Она направила Винни в частную клинику, где ей выдали лекарства для лечения ТБ. После того как женщина избавилась от этой болезни, у нее развилась другая оппортунистическая инфекция: пневмоцистная пневмония, унесшая жизни множества ВИЧ-инфицированных. В клинике женщине снова дали необходимые препараты, и снова они ей помогли.

Но возникла третья проблема – диарея. Она была настолько сильной, что Винни понимала: одной этой «болячки» хватит, чтобы ее прикончить. Прошло несколько месяцев, и ни одно из лекарств – включая те, что были выданы в клинике, – не помогало.
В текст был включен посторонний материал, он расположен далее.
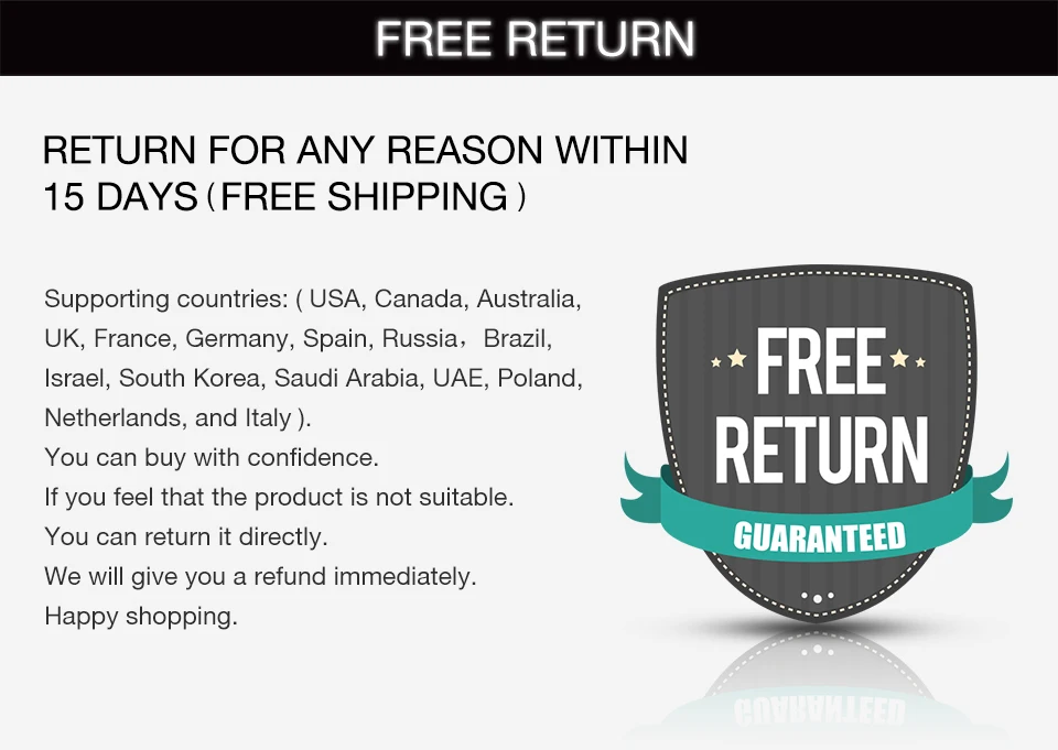 Возврат по любой причине в течение 15 дней (Бесплатная доставка)

Оставался только один вариант. Ее тетя, которая предпочитает ходить к знахарям, предложила ей попробовать этот вариант.

«Она сказала: “Я знаю одного человека, который может тебя вылечить”. А я ответила: “Я не пойду к знахарю”», - рассказывает Винни. Ее тетя настаивала, что этот человек – «традиционный травник», но женщину это не убедило. По ее словам, между этими понятиями есть разница. Она боялась не только того, что травы ей не помогут, но и того, что они будут представлять опасность для ее здоровья.

«Я подумала: “Эта диарея меня убьет, если я с ней не разберусь. А если я пойду к знахарю, травы все равно меня убьют, поэтому особого выбора у меня нет”», - вспоминает Винни.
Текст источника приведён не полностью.